## Data block
******************************

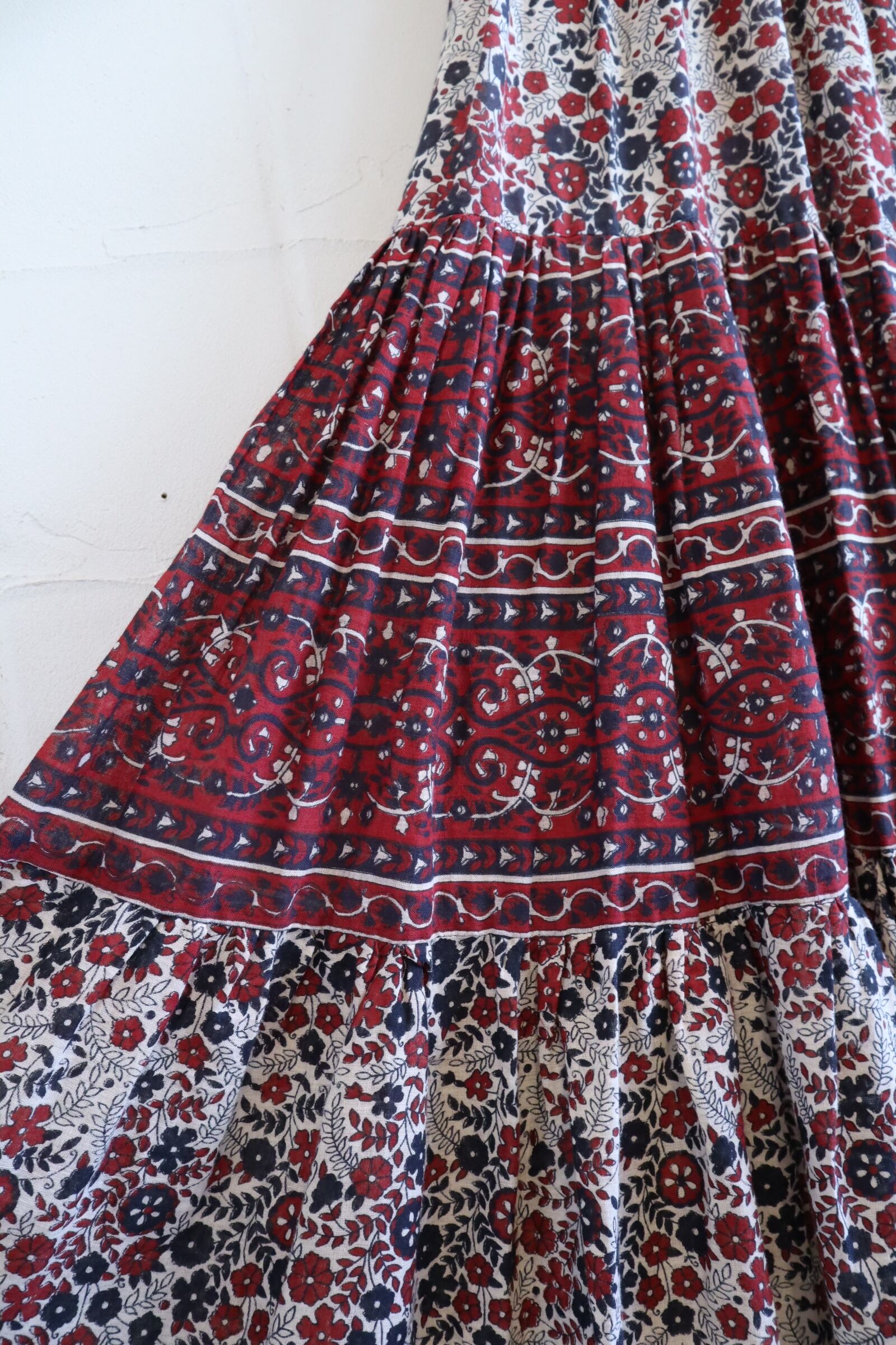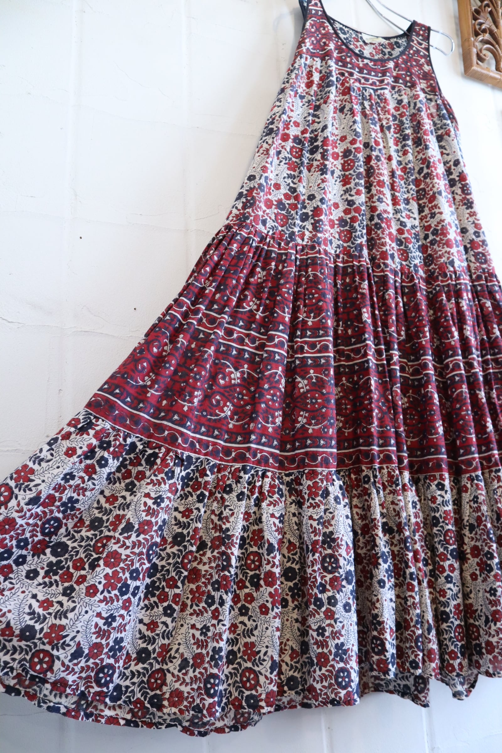 ノースリーブでティアードのボリューム感が可愛いインドコットンドレス。
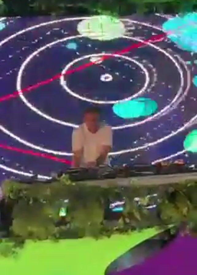 A person is DJing on a stage with a large screen behind them displaying abstract designs. The stage is decorated with greenery. A photographer in a cap, t-shirt, and shorts is taking photos of the event from the ground. The ground is decorated with green and purple designs. The video is taken at an outdoor event.
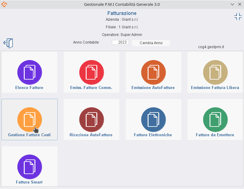Per accedere alla gestione fatture costi, dal menù principale, cliccate su Fatturazione:
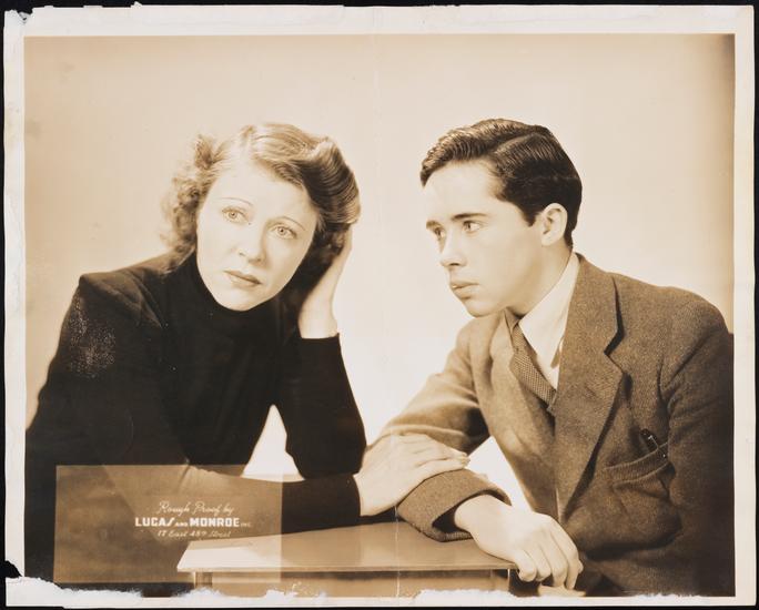 [Ruth Chatterton as Madge Monckton and Eldon Gorst as David in "Leave Her To Heaven".]

******************************

Would you retype every line shown above exactly, leaving the pictures aside?

## Exercise response
 ノースリーブでティアードのボリューム感が可愛いインドコットンドレス。
 A person is DJing on a stage with a large screen behind them displaying abstract designs. The stage is decorated with greenery. A photographer in a cap, t-shirt, and shorts is taking photos of the event from the ground. The ground is decorated with green and purple designs. The video is taken at an outdoor event.
Per accedere alla gestione fatture costi, dal menù principale, cliccate su Fatturazione:
 [Ruth Chatterton as Madge Monckton and Eldon Gorst as David in "Leave Her To Heaven".]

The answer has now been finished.